Quote the lines below from the one containing "また、「人的資本」とは、社員" to the final line, both ends included; exclude the pictures.

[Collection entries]
┄┄┄┄┄┄┄┄┄┄┄┄┄┄┄┄┄┄┄┄
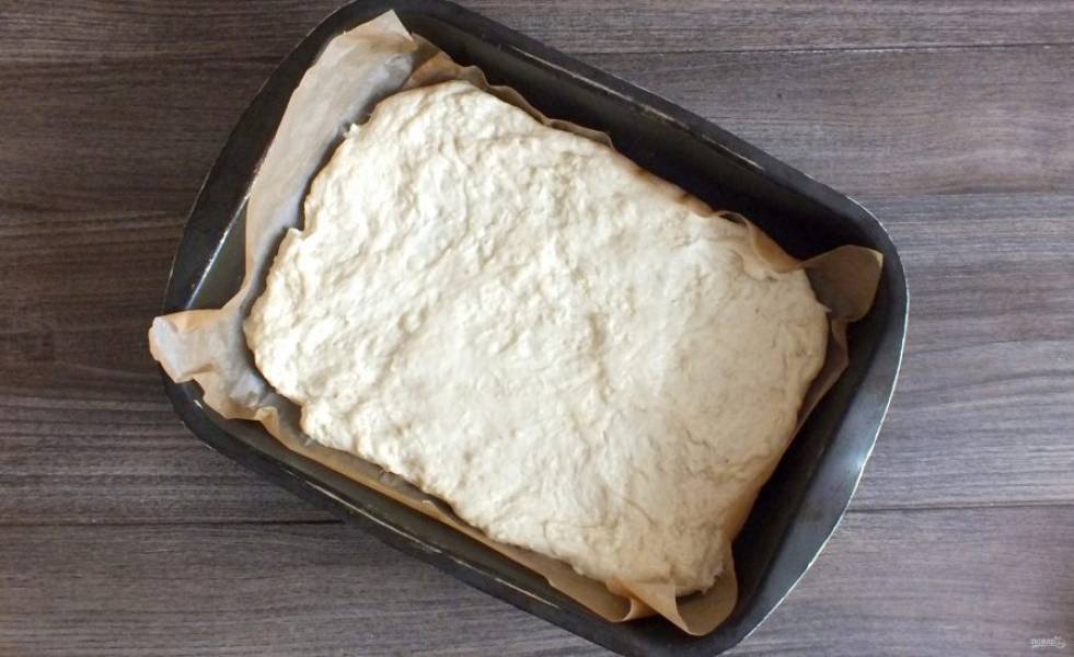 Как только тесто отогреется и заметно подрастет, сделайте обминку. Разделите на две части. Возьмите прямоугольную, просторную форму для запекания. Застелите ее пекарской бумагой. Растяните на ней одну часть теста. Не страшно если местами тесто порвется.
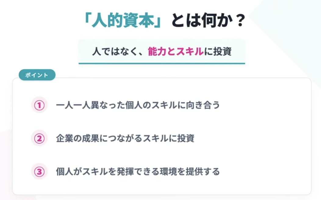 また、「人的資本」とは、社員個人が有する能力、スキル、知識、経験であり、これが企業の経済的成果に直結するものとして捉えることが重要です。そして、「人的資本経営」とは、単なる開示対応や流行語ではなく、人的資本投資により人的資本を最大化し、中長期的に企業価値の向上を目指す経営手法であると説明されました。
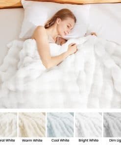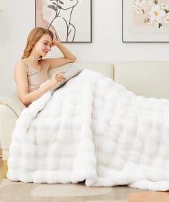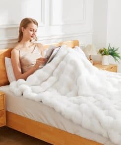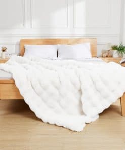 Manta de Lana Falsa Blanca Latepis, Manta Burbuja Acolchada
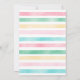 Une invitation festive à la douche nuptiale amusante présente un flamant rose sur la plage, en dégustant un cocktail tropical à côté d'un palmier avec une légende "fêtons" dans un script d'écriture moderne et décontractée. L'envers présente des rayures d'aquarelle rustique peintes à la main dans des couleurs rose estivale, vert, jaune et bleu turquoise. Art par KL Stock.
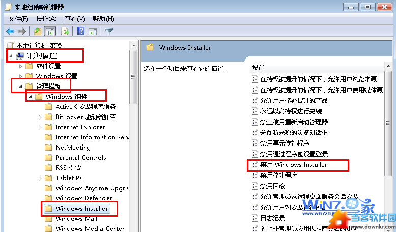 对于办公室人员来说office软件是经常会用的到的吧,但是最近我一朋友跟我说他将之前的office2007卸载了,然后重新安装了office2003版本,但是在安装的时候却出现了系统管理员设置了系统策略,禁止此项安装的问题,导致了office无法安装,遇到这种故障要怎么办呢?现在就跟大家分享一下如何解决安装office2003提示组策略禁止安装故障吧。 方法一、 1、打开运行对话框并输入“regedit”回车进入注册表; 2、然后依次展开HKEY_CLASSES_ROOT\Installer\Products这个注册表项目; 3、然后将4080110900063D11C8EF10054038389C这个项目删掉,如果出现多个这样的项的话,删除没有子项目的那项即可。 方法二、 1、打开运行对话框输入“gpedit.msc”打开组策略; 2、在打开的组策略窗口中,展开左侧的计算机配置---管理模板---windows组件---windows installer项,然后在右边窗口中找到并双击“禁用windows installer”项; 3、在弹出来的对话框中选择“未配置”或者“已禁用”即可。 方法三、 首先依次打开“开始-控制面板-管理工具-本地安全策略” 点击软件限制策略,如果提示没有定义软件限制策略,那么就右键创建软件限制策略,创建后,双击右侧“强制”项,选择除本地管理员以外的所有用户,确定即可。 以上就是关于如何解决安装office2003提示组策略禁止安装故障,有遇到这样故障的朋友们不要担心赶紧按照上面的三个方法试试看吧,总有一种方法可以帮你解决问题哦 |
┄┄┄┄┄┄┄┄┄┄┄┄┄┄┄┄┄┄┄┄
> _Answer to the problem_:
 また、「人的資本」とは、社員個人が有する能力、スキル、知識、経験であり、これが企業の経済的成果に直結するものとして捉えることが重要です。そして、「人的資本経営」とは、単なる開示対応や流行語ではなく、人的資本投資により人的資本を最大化し、中長期的に企業価値の向上を目指す経営手法であると説明されました。
 Manta de Lana Falsa Blanca Latepis, Manta Burbuja Acolchada
 Une invitation festive à la douche nuptiale amusante présente un flamant rose sur la plage, en dégustant un cocktail tropical à côté d'un palmier avec une légende "fêtons" dans un script d'écriture moderne et décontractée. L'envers présente des rayures d'aquarelle rustique peintes à la main dans des couleurs rose estivale, vert, jaune et bleu turquoise. Art par KL Stock.
 对于办公室人员来说office软件是经常会用的到的吧,但是最近我一朋友跟我说他将之前的office2007卸载了,然后重新安装了office2003版本,但是在安装的时候却出现了系统管理员设置了系统策略,禁止此项安装的问题,导致了office无法安装,遇到这种故障要怎么办呢?现在就跟大家分享一下如何解决安装office2003提示组策略禁止安装故障吧。 方法一、 1、打开运行对话框并输入“regedit”回车进入注册表; 2、然后依次展开HKEY_CLASSES_ROOT\Installer\Products这个注册表项目; 3、然后将4080110900063D11C8EF10054038389C这个项目删掉,如果出现多个这样的项的话,删除没有子项目的那项即可。 方法二、 1、打开运行对话框输入“gpedit.msc”打开组策略; 2、在打开的组策略窗口中,展开左侧的计算机配置---管理模板---windows组件---windows installer项,然后在右边窗口中找到并双击“禁用windows installer”项; 3、在弹出来的对话框中选择“未配置”或者“已禁用”即可。 方法三、 首先依次打开“开始-控制面板-管理工具-本地安全策略” 点击软件限制策略,如果提示没有定义软件限制策略,那么就右键创建软件限制策略,创建后,双击右侧“强制”项,选择除本地管理员以外的所有用户,确定即可。 以上就是关于如何解决安装office2003提示组策略禁止安装故障,有遇到这样故障的朋友们不要担心赶紧按照上面的三个方法试试看吧,总有一种方法可以帮你解决问题哦 |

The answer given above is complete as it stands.